Colour-blocked intarsia knits, which Jones occasionally added coiling rows of snap closures, were interpreted from two Lagerfeld collections from 1981 and 1996.
Jones also drew several themes from his spring 2023 haute couture collection for Fendi, including the body-skimming shapes, lingerie elements, and fluttering capes, which are tacked to the shoulders of the shoulders black satin gowns with scooped necklines and draped fronts.
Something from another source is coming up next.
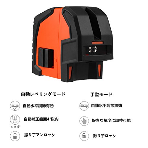 - モード:自動レべリングモード(自動補正範囲4°±1°)と手動モード 一つボタンで水平レーザー、垂直レーザー、クロスラインを切り替えることが可能です。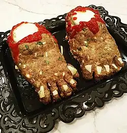 Feetloaf is a novelty dish intended to be served on Halloween. The earliest known reference is a 2009 cooking blog which was based on a recipe found in a seasonal cookbook sold at a grocery store checkout counter. The original recipe described a meatloaf molded into the shape of a human foot, using brazil nuts as toenails and ketchup or barbecue sauce to mimic blood.[1]

He reprised his cashmere couture coats lined with shimmering sequins. Of course, you can knock a few zeros off the price for the RTW versions, but they were equally alluring. All his slim coats were strong statement makers, whether in caramel-coloured Persian lamb, off-white shearling or grey flannel. The set was as minimal as the clothes: a tunnel of light reminiscent of a mesmerizing John Galliano show in 2009.
As usual, the collection was a team effort. First, Venturini Fendi, artistic director of accessories and menswear collections, debuted the new shape-shifting Multi bag, which transforms from a bucket shape to a shopper tote thanks to a system of magnets.
Meanwhile, Delettrez Fendi, as creative jewellery director, interpreted the double-F logo, which Lagerfeld had sketched back in 1967, as a metallic object that locks on the ear.
What do you think of the collection? Cop or not?